I am looking for guidance on the best approach to process files received in Google Cloud Storage using a Python script, particularly when processing times can exceed 10 minutes. Currently, our workflow uses Google Pub/Sub push, which triggers on each file upload and sends a message to a Google Cloud Run service built with Python Flask to process the file.
We face a couple of issues:
  1. We've set the ackDeadline to 10 minutes, but the system seems to wait only 1 or 2 minutes before sending a message.
  2. Some tasks take more than 10 minutes to execute.
I am considering options that could offer scalability and ease of maintenance. What are the recommended practices or alternative tools within the Google Cloud ecosystem that could better handle long-running tasks? Any insights or experiences with similar setups would be greatly appreciated.

Thank you for your help!
3 2 201
2 REPLIES 2

Hello @luddes,

Welcome to the Google Cloud Community!

Cloud Functions can be triggered by Pub/Sub messages. They allow a configurable timeout Set timeout, with up to 60 minutes for HTTP functions and 9 minutes for event-driven functions. This setup enables the functions to start processing and acknowledge the Pub/Sub message, with the actual processing occurring asynchronously in the background.

Hello @juliadeanne ,

Thank you for the welcome and your explanations about Google Cloud Functions and Pub/Sub.
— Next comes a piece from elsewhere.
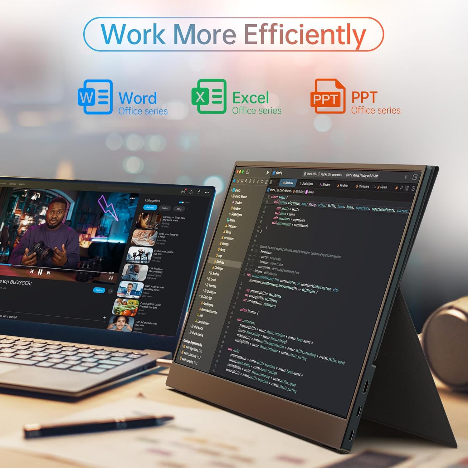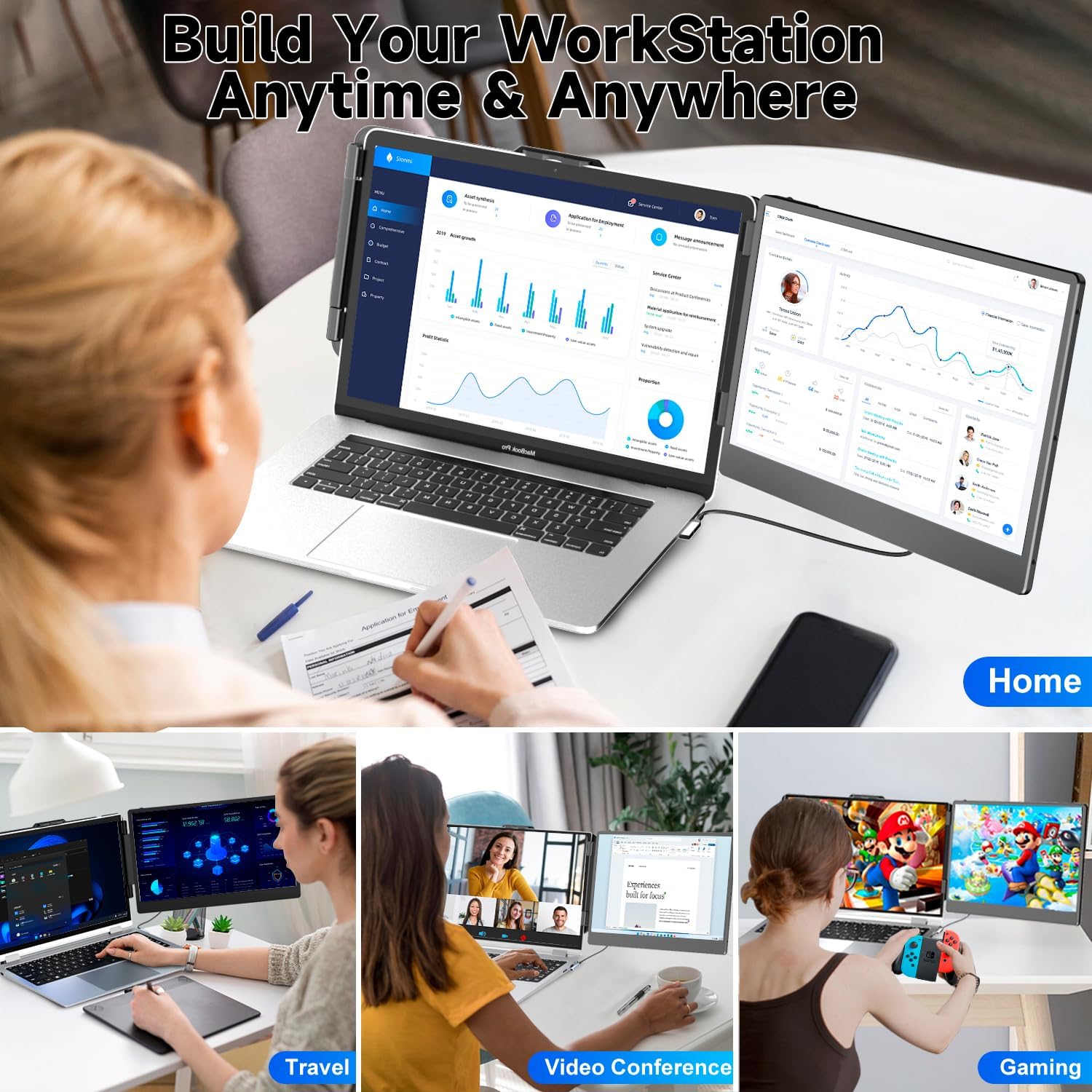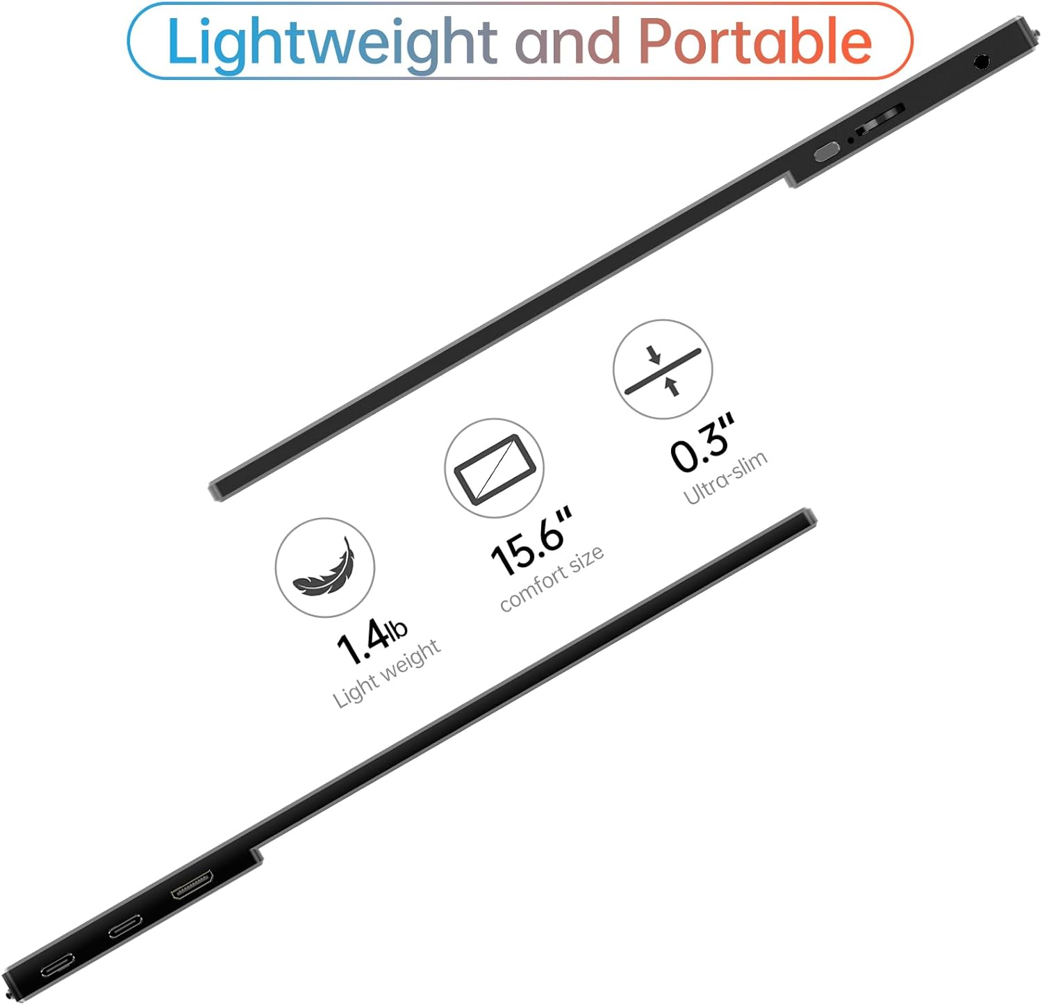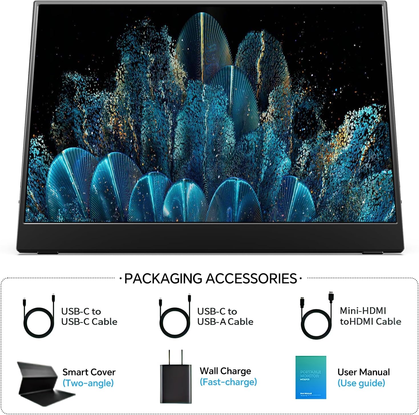 MNN Portable Monitor 15.6inch FHD 1080P USB C HDMI Gaming Ultra-Slim IPS Display w/Smart Cover & Speakers,HDR Plug&Play, External Monitor for Laptop PC Phone Mac (15.6'' 1080P)

I was wondering if a similar approach to what you described for Cloud Functions (where the actual processing occurs asynchronously in the background after acknowledging the Pub/Sub message) is also viable and recommended for Google Cloud Run. Specifically, does it make sense to run a separate thread in Cloud Run to start processing data while quickly responding to Pub/Sub with an acknowledgment, to prevent the message from being retried before processing completes?

This method seems to solve the issue of long-running tasks (over 10 minutes), but I would like to know the best practices or potential implications of this approach in a Cloud Run environment.